Stevie Wayne, being the owner of the radio station located at the lighthouse works around the clock, and is already heading back to work as a broadcast about the search for the missing Seagrass mentions “a sweep south from Waitely Point around Arkham Reef”. The fictional city of Arkham appears in Lovecraft’s Chthulu Mythos, and Waitely (spelled Whateley) appears as a surname in The Dunwich Horror. The wooden board with DANE on it starts seeping water,causing the tape equipment to slow down, with a low voice saying “damn them all” before shorting out. Then the wooden board changes from DANE to 6 MUST DIE before bursting into flames. Stevie, witnessing it all, quickly grabs a fire extinguisher and puts out the flames. Alone in the lighthouse and concerned for the safety of her son Andy, Stevie becomes the eyes for the entire town, speaking through the radio as the fog stalks its inhabitants into the night – including her.

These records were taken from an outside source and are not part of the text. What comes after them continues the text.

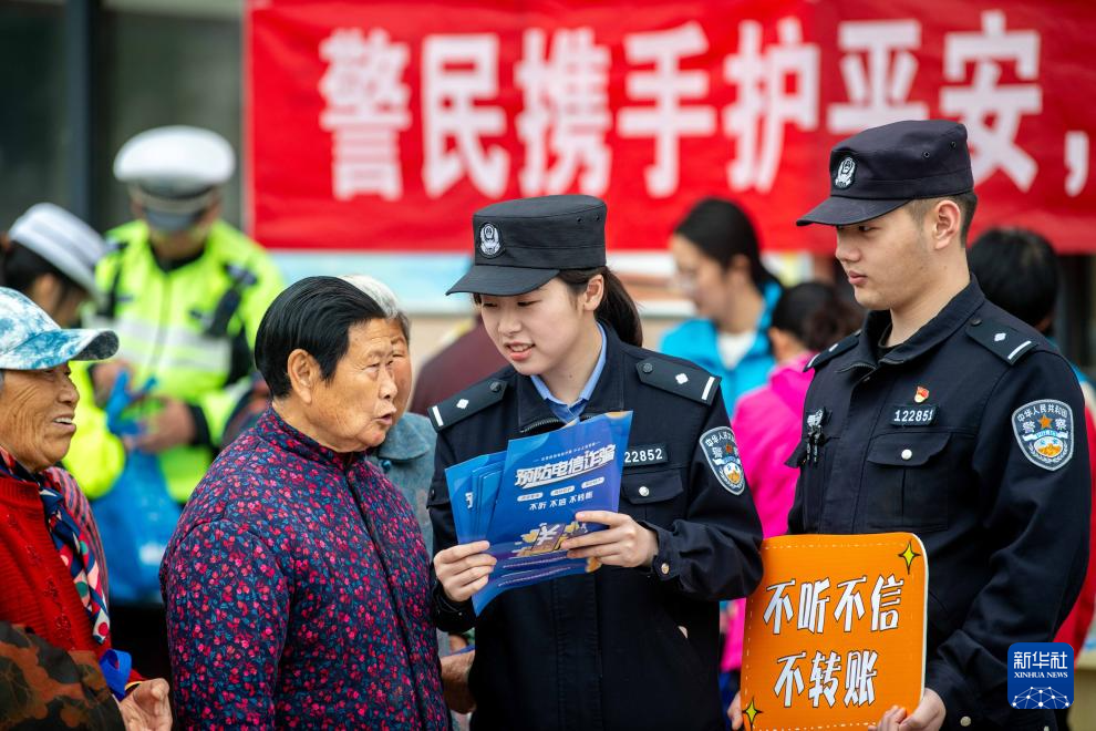 4月14日,民警在贵州省黔西市水西派出所门口向群众宣传国家安全知识。
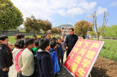 4月6日,竹山县宝丰镇曹家湾小学教师在校园内“严禁下河洗澡戏水”警示牌前,给学生讲解预防溺水知识。日前,该镇各学校采取多种形式加强预防溺水安全宣传教育,要求学生做到“六不”:不私自下水游泳;不擅自与他人结伴游泳;不在无家长或教师带领的情况下游泳;不到无安全设施、无救援人员的水域游泳;不到不熟悉的水域游泳;不熟悉水性的学生不擅自下水施救。通过扎实宣传,进一步增强学生的防溺水安全意识,以有效保护未成年人健康成长。
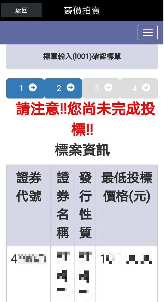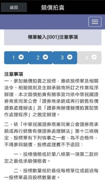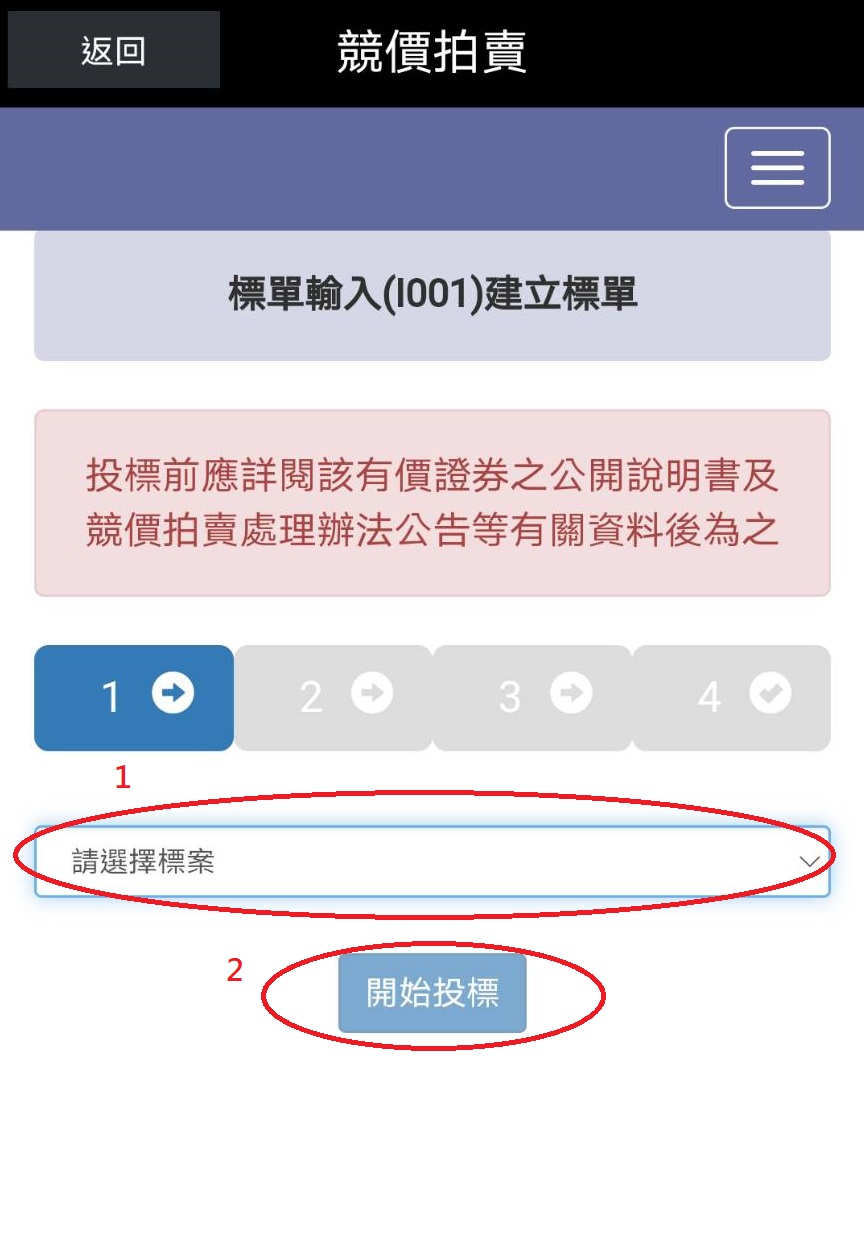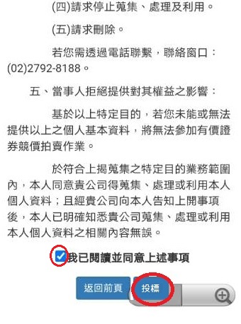 閱讀注意事項,打勾並按下投標,完成投標流程
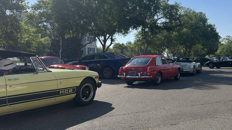 We arrived for the car show at 7:45 am and got the MGB-GT parked. Joel drove his triumph behind us on the way to the show. He parked his Triumph next to our MGB-GT. Right behind Joel were 4 DeLoreans. They majestically drove on to the show ground with their doors open. What a sight!! A few minutes later, Jon and Nancy entered the show ground and parked their MGB on the other side of the street. The show area was filling up fast.
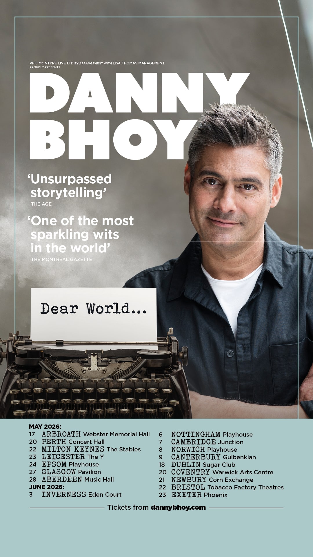 Danny Bhoy brings his sellout London, Edinburgh & Montreal Comedy Festival 2025 show, Dear World, to venues across the UK.
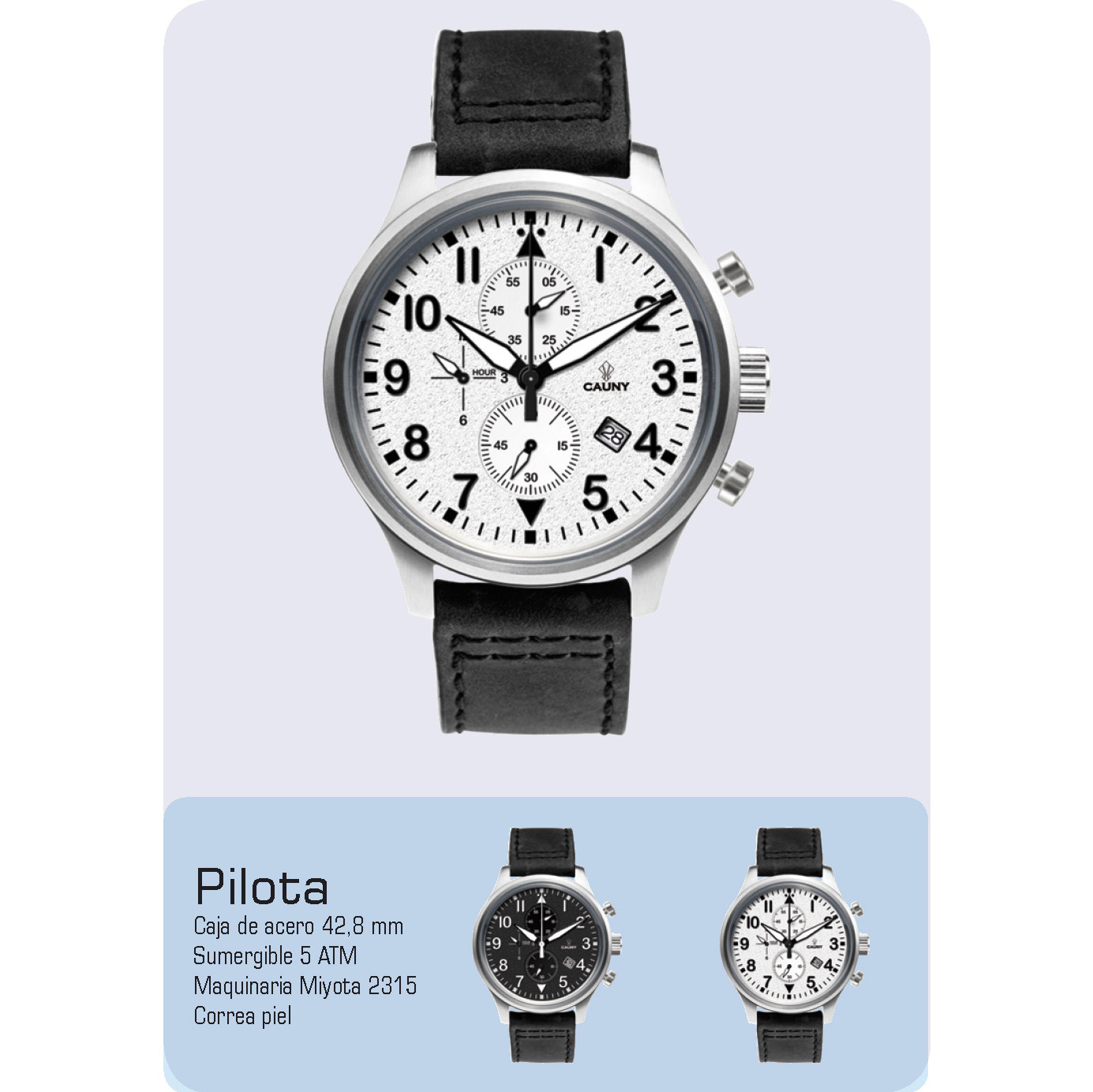 Reloj de Caballero. Caja de Acero de 42,8 mm. Esfera de color Negro . Maquinaria cronógrafo, modelo Miyota OS10. Correa de Piel en color Negro. 5 ATM Sumergible
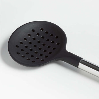 Remueva, recoja y sirva albóndigas, pasta y guisantes con nuestra característica cuchara ranurada de silicona negra y acero inoxidable. Fabricada con un núcleo de nailon para mayor resistencia, la cuchara ranurada tiene perforaciones que permiten que los líquidos se escurran. La silicona suave al tacto no daña las sartenes antiadherentes y resiste las manchas, los arañazos y el calor hasta 600 grados. El acero inoxidable pulido da forma a un elegante mango cilíndrico para un agarre firme y un aspecto profesional. Nos encanta la forma en que el refinado borde biselado remata el mango alargado con un detalle dinámico. Combine la cuchara ranurada apta para lavavajillas con los demás utensilios de exquisitas proporciones de nuestra exclusiva colección Crate & Barrel para tener un espacio de trabajo bien equipado a la altura de cualquier reto culinario.
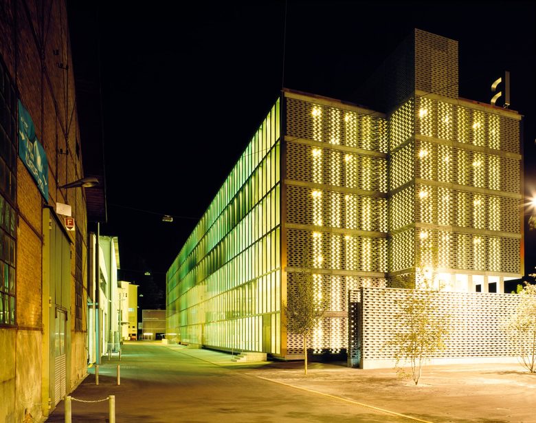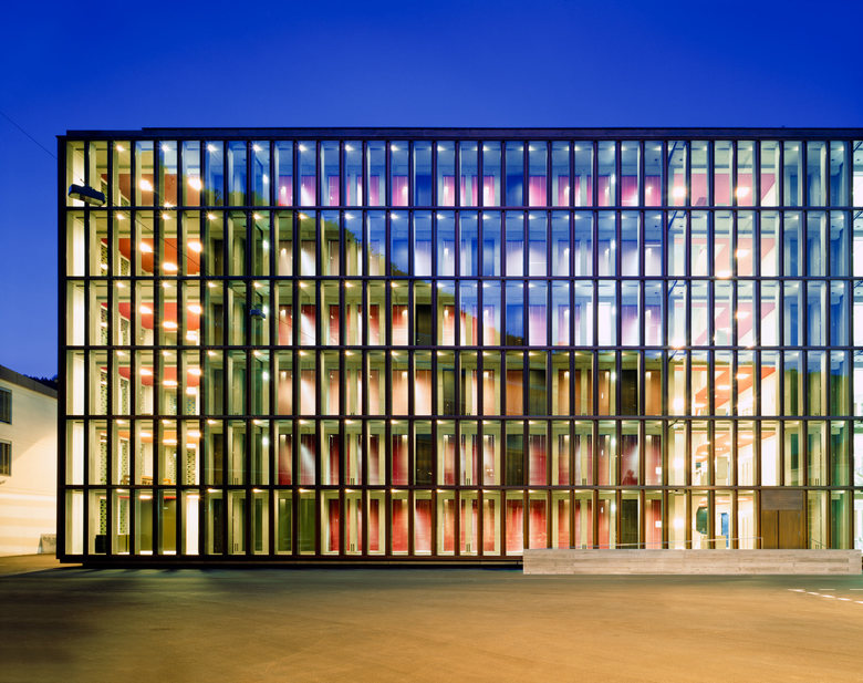 Eine geheimnisvolle Entrücktheit kennzeichnet das lange, vollflächig verglaste Gebäude mit seinen charakteristischen Fensterprofilen aus Baubronze. Der tektonisch klar strukturierte, in seiner wahren Grösse jedoch kaum fassbare Solitär ist massiv und transparent zugleich. Den Vorbeifahrenden enthüllt das Schulhaus seine Bestimmung kaum, in seiner formalen Abstraktion könnte es auch ein Büro-, ein Labor- oder sogar ein Wohngebäude sein. Auch im Innern tritt die Nutzung nicht sofort in Erscheinung, weil sich die Klassenzimmer im Kern konzentrieren und nicht bis an die Fassaden vorstossen. Die Erschliessung erfolgt mittels Säulenumgang über die volle Gebäudelänge entlang der Fensterfronten. Der architektonische Ausdruck ist geprägt durch die Reihung von Betonstützen, deren gleichmässige Zwischenräume mit Glas ausgefacht sind. Die Konstruktion tritt offen zutage, auch fehlen jegliche Wandverkleidungen. Die fünf in die Tiefe gestaffelten Stützenreihen dienen der Verschattung, der räumlichen Definition der Zimmer und Korridore und der Aufnahme der Haustechnik. Dabei mutieren sie je nach Sichtwinkel zur geschlossenen Wand oder geben den Blick frei in die nächste Raumschicht.
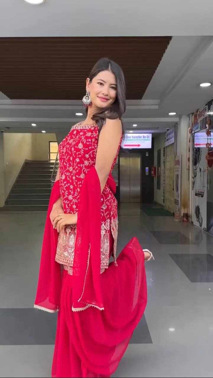 Stylish Faux Georgette Sharara Suit Set
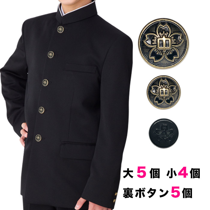 桜ボタンセット大5個小4個裏ボタン5個セット 詰襟 学ラン 釦 ぼたん 上衣 上着 ジャケット 学生服 制服 中学校 高校 金 ゴールド セット販売

The Director of Photography Dean Cundey, previously having worked with Carpenter on Halloween, would work with the director again on Escape From New York, The Thing, and Big Trouble in Little China. The two would work together on two other productions that Cundey was the DOP on, Halloween II and Halloween III: Season of the Witch. Athough Carpenter would produce, he would not direct the films, at least not intentionally. Cundey had originally met Debra Hill back before Halloween, when she was a script supervisor and assistant editor. Hill says they worked together on roughly 9 films back then. According to Debra Hill, when they hired Cundey for Halloween he worked out of a movie van which would hold the entire grip, electrical, and camera departments, all in one van. On The Fog they had an additional big grip truck and electrical truck, but still utilizing Dean Cundey’s Winnebago. Dean Cundy’s DOP credits today consists of all 3 Back to the Future films, Who Framed Roger Rabbit, Hook, Jurassic Park, Casper, Road House, Romancing the Stone, Death Becomes Her, What Women Want, The Flintstones, Flubber, Pyscho II, Rock ‘n’ Roll High School, Apollo 13, Roller Boogie – and the list just goes on – but just to be safe one more ; Ilsa, Harem Keeper of the Oil Sheiks.
Tommy Lee Wallace worked as production designer and co-editor with Charles Bornstein. Tommy Lee Wallace also portrayed the ghosts throughout the film utilizing his arm coming through doors and windows a lot. John Carpenter composed the score masterfully, demonstrating his abilities in the main theme’s eerie echoing shrills and haunting pulse. The film frames capture coastal shots reminiscent of Alfred Hitchcock’s The Birds, with Adrienne Barbeau driving along the coast lines like Tippi Hedron. Debra Hill states that the area where Andy runs down the beach is right below where Alfred Hitchcock shot The Birds. Also similar is how the horror starts with the arrival of Tippi Hedron in the town of Bodega Bay in The Birds, and Jamie Lee Curtis in Antonio Bay in The Fog. Bodega Bay is even visited by Tom Atkins and Jamie Lee Curtis’ characters. John Carpenter has said The Fog “was meant to be an homage of sorts to H.P. Lovecraft, M.R. James, and other writers of great ghost tales and the supernatural.” Carpenter said it was Debra Hill’s idea to use the Edgar Allan Poe quotation in the beginning of the film. Certainly capturing the spirit of classical horror in a timeless ghost tale, John Carpenter’s The Fog continually haunts. I give it 3 out of 5 for a rating of Really Good.